**Directions for this task**
Restate word for word the lines of the entries below, starting with the line that holds "Correspondence of the" and ending with the line that holds "Weird Puss Y2K", and no others.

**Exercise materials**
----

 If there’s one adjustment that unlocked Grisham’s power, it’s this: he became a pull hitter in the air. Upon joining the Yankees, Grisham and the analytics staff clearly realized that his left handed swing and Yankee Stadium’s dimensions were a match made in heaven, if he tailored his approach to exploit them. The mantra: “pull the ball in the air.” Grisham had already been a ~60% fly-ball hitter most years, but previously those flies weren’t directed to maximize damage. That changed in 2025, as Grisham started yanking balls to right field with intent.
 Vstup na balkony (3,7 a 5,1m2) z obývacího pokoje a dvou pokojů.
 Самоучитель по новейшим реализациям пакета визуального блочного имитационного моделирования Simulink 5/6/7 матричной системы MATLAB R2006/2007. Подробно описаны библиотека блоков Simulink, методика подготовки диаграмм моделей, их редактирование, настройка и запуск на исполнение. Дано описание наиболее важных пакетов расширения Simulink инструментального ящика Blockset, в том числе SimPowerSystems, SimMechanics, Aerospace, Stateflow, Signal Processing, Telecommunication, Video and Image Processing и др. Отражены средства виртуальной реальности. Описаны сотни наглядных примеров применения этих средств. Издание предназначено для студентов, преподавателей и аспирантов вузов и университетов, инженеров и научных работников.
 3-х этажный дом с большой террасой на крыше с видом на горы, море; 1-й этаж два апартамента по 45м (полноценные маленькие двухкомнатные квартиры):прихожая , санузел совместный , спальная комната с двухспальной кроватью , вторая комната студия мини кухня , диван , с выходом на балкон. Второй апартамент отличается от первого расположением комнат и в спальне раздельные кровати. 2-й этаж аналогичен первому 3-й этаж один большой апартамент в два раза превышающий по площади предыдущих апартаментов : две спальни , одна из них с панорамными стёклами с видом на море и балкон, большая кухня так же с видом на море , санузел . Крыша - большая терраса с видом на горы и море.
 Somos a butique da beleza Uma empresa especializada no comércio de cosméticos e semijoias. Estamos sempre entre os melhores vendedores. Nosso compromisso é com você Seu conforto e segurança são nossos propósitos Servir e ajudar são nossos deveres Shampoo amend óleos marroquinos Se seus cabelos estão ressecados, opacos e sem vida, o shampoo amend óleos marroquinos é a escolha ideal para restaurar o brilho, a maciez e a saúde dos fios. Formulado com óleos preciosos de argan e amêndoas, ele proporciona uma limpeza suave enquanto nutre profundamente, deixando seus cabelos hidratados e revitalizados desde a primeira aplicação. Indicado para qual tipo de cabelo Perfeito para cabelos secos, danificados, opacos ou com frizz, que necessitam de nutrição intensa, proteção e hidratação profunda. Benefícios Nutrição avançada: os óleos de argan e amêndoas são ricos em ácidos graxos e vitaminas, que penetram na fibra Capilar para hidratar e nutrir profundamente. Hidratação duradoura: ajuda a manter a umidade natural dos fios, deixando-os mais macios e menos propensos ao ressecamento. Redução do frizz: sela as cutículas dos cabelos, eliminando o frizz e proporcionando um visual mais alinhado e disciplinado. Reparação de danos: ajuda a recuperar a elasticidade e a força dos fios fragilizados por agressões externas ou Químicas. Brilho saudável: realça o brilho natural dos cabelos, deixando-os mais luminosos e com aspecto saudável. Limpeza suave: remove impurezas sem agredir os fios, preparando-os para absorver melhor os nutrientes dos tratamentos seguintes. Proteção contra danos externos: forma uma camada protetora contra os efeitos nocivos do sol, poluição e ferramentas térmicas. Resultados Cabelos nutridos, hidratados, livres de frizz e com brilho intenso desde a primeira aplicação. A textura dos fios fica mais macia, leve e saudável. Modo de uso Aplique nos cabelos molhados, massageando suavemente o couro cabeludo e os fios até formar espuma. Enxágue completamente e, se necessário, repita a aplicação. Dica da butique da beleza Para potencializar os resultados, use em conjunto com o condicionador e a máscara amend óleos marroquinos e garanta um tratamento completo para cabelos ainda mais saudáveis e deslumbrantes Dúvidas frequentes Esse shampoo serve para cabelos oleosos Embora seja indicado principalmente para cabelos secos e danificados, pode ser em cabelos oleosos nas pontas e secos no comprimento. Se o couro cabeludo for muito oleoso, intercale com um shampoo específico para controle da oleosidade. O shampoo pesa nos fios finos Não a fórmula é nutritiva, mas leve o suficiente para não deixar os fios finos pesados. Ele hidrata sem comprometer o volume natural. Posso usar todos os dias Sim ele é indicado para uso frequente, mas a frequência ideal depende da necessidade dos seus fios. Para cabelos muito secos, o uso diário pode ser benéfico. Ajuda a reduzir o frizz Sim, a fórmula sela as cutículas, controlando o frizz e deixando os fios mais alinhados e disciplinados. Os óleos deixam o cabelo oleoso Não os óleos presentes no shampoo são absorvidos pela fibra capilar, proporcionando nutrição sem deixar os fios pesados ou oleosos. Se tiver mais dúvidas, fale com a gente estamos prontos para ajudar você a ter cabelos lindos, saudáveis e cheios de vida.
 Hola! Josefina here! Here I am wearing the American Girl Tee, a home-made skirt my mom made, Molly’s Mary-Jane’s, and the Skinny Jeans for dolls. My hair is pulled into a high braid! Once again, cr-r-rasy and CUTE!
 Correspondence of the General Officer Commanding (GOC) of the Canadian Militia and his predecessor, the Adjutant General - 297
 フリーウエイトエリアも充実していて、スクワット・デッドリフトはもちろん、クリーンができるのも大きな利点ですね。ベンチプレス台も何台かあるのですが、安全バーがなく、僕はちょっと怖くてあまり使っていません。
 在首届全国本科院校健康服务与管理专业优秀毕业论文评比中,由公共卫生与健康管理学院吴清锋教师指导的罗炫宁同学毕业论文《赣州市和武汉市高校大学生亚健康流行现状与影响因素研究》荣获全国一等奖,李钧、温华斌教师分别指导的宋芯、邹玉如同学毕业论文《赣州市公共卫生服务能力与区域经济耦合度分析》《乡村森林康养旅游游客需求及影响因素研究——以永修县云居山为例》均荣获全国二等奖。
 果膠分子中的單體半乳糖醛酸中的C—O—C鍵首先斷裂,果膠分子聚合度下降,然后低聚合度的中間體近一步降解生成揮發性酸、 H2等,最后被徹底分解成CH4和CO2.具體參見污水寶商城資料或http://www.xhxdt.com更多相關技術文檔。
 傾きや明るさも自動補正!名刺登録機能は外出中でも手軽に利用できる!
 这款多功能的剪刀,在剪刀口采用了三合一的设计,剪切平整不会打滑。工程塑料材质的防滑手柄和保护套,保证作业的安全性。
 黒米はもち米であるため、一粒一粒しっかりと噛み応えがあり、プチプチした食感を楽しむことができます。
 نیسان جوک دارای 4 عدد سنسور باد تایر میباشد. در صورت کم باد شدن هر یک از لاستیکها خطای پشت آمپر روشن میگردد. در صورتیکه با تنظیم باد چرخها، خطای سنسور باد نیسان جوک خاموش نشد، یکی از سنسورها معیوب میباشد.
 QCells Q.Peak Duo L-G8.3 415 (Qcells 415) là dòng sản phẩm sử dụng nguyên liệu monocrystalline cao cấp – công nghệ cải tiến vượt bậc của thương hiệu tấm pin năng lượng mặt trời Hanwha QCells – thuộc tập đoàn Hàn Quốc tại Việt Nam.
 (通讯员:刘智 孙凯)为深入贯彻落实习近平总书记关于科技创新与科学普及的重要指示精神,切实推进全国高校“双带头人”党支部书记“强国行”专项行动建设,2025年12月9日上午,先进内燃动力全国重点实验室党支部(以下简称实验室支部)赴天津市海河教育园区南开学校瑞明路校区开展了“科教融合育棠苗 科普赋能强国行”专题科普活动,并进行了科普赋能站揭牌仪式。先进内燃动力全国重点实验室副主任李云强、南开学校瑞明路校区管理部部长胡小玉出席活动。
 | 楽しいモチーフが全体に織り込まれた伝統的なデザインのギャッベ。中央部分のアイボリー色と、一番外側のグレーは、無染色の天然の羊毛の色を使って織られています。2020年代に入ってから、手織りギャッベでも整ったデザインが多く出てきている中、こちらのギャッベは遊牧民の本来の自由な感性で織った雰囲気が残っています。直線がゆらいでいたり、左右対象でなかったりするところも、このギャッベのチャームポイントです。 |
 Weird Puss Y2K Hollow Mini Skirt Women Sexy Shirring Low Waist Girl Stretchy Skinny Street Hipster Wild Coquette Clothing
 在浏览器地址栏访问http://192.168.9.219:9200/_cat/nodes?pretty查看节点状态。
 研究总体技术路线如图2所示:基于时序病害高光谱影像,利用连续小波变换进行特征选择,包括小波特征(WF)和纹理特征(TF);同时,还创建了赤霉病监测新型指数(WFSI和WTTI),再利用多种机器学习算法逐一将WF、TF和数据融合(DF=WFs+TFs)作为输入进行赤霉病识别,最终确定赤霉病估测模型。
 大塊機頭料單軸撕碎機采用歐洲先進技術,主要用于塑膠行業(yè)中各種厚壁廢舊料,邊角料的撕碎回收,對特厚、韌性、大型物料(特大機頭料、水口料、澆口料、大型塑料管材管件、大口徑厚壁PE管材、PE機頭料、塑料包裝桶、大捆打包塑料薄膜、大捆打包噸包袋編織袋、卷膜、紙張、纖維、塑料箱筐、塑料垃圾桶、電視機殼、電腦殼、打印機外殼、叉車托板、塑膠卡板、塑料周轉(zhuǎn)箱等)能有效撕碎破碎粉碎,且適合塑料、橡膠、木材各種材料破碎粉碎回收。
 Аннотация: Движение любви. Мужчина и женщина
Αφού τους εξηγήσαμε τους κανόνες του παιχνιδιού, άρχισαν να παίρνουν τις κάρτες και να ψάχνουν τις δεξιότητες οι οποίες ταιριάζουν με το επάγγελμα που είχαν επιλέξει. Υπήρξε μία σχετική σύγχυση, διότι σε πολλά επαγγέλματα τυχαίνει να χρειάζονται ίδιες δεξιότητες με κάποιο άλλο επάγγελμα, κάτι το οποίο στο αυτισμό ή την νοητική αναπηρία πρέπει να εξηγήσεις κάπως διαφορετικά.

----

**Reply**
 Correspondence of the General Officer Commanding (GOC) of the Canadian Militia and his predecessor, the Adjutant General - 297
 フリーウエイトエリアも充実していて、スクワット・デッドリフトはもちろん、クリーンができるのも大きな利点ですね。ベンチプレス台も何台かあるのですが、安全バーがなく、僕はちょっと怖くてあまり使っていません。
 在首届全国本科院校健康服务与管理专业优秀毕业论文评比中,由公共卫生与健康管理学院吴清锋教师指导的罗炫宁同学毕业论文《赣州市和武汉市高校大学生亚健康流行现状与影响因素研究》荣获全国一等奖,李钧、温华斌教师分别指导的宋芯、邹玉如同学毕业论文《赣州市公共卫生服务能力与区域经济耦合度分析》《乡村森林康养旅游游客需求及影响因素研究——以永修县云居山为例》均荣获全国二等奖。
 果膠分子中的單體半乳糖醛酸中的C—O—C鍵首先斷裂,果膠分子聚合度下降,然后低聚合度的中間體近一步降解生成揮發性酸、 H2等,最后被徹底分解成CH4和CO2.具體參見污水寶商城資料或http://www.xhxdt.com更多相關技術文檔。
 傾きや明るさも自動補正!名刺登録機能は外出中でも手軽に利用できる!
 这款多功能的剪刀,在剪刀口采用了三合一的设计,剪切平整不会打滑。工程塑料材质的防滑手柄和保护套,保证作业的安全性。
 黒米はもち米であるため、一粒一粒しっかりと噛み応えがあり、プチプチした食感を楽しむことができます。
 نیسان جوک دارای 4 عدد سنسور باد تایر میباشد. در صورت کم باد شدن هر یک از لاستیکها خطای پشت آمپر روشن میگردد. در صورتیکه با تنظیم باد چرخها، خطای سنسور باد نیسان جوک خاموش نشد، یکی از سنسورها معیوب میباشد.
 QCells Q.Peak Duo L-G8.3 415 (Qcells 415) là dòng sản phẩm sử dụng nguyên liệu monocrystalline cao cấp – công nghệ cải tiến vượt bậc của thương hiệu tấm pin năng lượng mặt trời Hanwha QCells – thuộc tập đoàn Hàn Quốc tại Việt Nam.
 (通讯员:刘智 孙凯)为深入贯彻落实习近平总书记关于科技创新与科学普及的重要指示精神,切实推进全国高校“双带头人”党支部书记“强国行”专项行动建设,2025年12月9日上午,先进内燃动力全国重点实验室党支部(以下简称实验室支部)赴天津市海河教育园区南开学校瑞明路校区开展了“科教融合育棠苗 科普赋能强国行”专题科普活动,并进行了科普赋能站揭牌仪式。先进内燃动力全国重点实验室副主任李云强、南开学校瑞明路校区管理部部长胡小玉出席活动。
 | 楽しいモチーフが全体に織り込まれた伝統的なデザインのギャッベ。中央部分のアイボリー色と、一番外側のグレーは、無染色の天然の羊毛の色を使って織られています。2020年代に入ってから、手織りギャッベでも整ったデザインが多く出てきている中、こちらのギャッベは遊牧民の本来の自由な感性で織った雰囲気が残っています。直線がゆらいでいたり、左右対象でなかったりするところも、このギャッベのチャームポイントです。 |
 Weird Puss Y2K Hollow Mini Skirt Women Sexy Shirring Low Waist Girl Stretchy Skinny Street Hipster Wild Coquette Clothing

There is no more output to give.